# Task objective
Exclude the pictures, then repeat the remaining data exactly.

# Given information

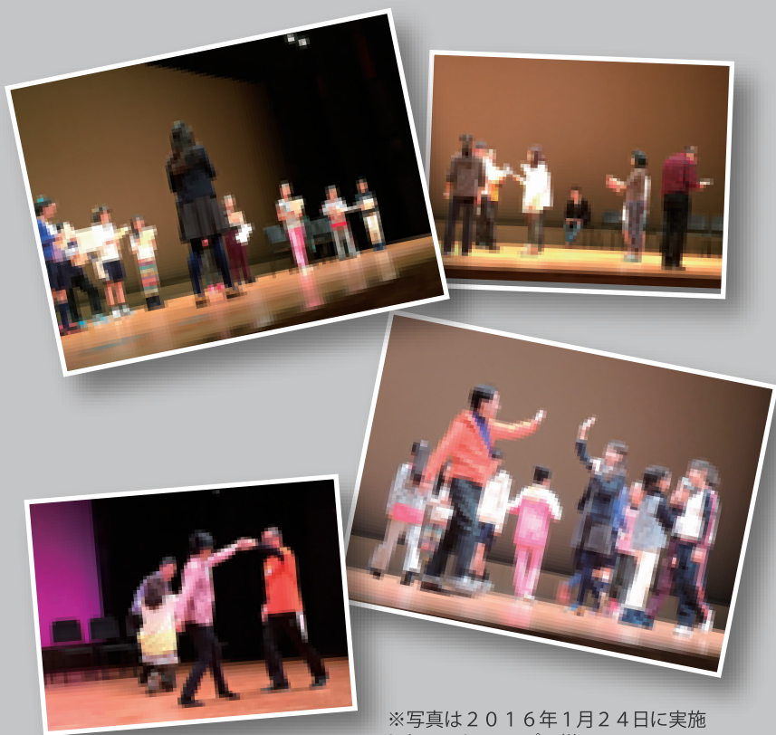
※写真は2016年1月24日に実施したワークショップの様子。
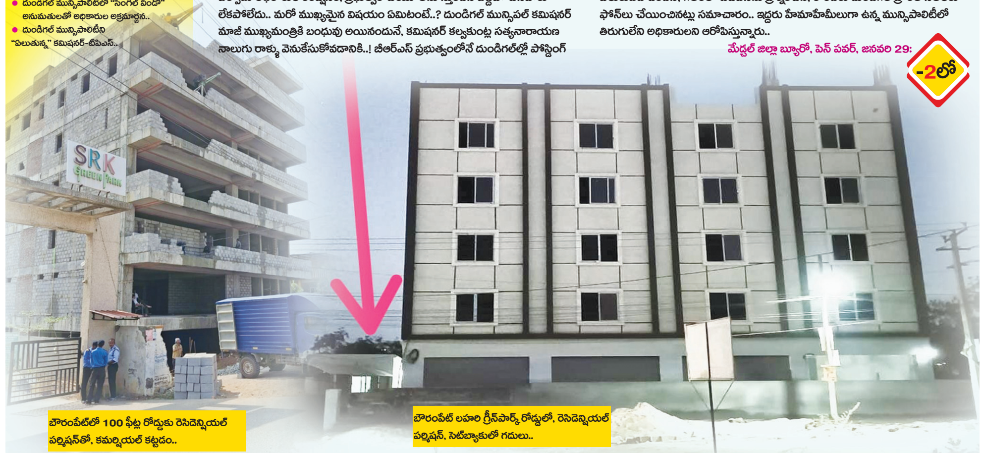
బొరంపేట్ లో 100 ఫీట్ల రోడ్డుకు రెసిడెన్షియల్ పర్మిషన్ తో, కమర్షియల్ కట్టడం..
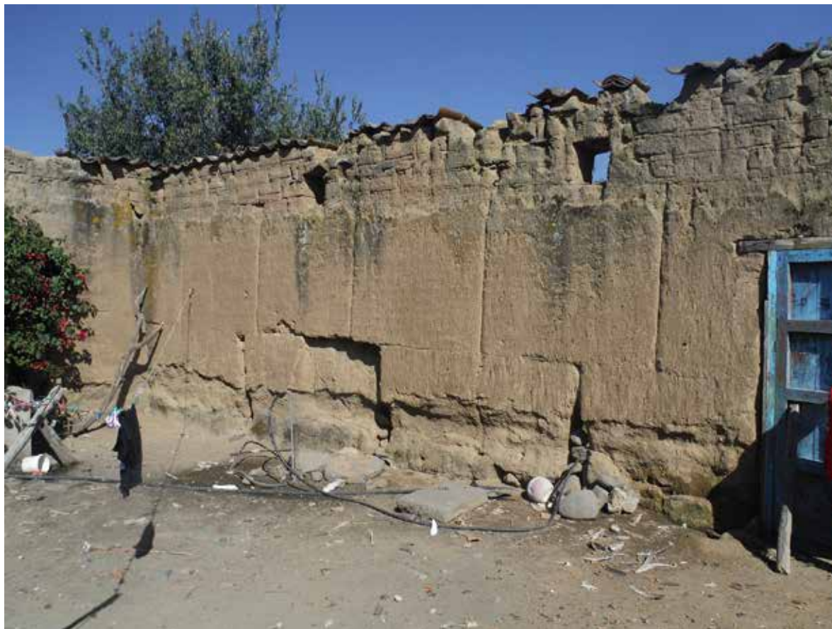
Figura 2. Barda perimetral de tapia con cerramientos de adobe, ubicada en el histórico poblado del siglo XVI de San Andrés Calpan, Puebla. Foto: Blas A. Tepale, 2017.

El análisis formal y técnico-constructivo, principalmente de muros que constituyen la estructura de los edificios, ha dejado ver que se trata de un sistema no nativo, que disrumió con los sistemas vernáculos del territorio — basados fundamentalmente en la construcción con bajareque y adobe—, lo cual dificultó su expansión. Sin embargo, se adaptó a las condiciones regionales a partir de la colonización española y la llegada de nuevos conocimientos edilicios europeos.
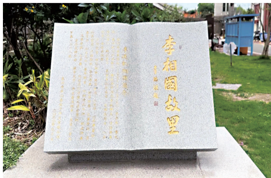
“李相国故里”纪念碑

近年来,泉州鲤城持续开展“世遗古城·文化楼栋”活动,结合各住宅小区属地历史底蕴、人文典故等,推动住宅小区英文字母、阿拉伯数字楼栋号加挂传统文化楼栋名,以此提炼展示地区文化精髓,彰显地域特色,浮桥街道百盛园便是其中之一。

# Result for this exercise
※写真は2016年1月24日に実施したワークショップの様子。
బొరంపేట్ లో 100 ఫీట్ల రోడ్డుకు రెసిడెన్షియల్ పర్మిషన్ తో, కమర్షియల్ కట్టడం..
Figura 2. Barda perimetral de tapia con cerramientos de adobe, ubicada en el histórico poblado del siglo XVI de San Andrés Calpan, Puebla. Foto: Blas A. Tepale, 2017.

El análisis formal y técnico-constructivo, principalmente de muros que constituyen la estructura de los edificios, ha dejado ver que se trata de un sistema no nativo, que disrumió con los sistemas vernáculos del territorio — basados fundamentalmente en la construcción con bajareque y adobe—, lo cual dificultó su expansión. Sin embargo, se adaptó a las condiciones regionales a partir de la colonización española y la llegada de nuevos conocimientos edilicios europeos.
“李相国故里”纪念碑

近年来,泉州鲤城持续开展“世遗古城·文化楼栋”活动,结合各住宅小区属地历史底蕴、人文典故等,推动住宅小区英文字母、阿拉伯数字楼栋号加挂传统文化楼栋名,以此提炼展示地区文化精髓,彰显地域特色,浮桥街道百盛园便是其中之一。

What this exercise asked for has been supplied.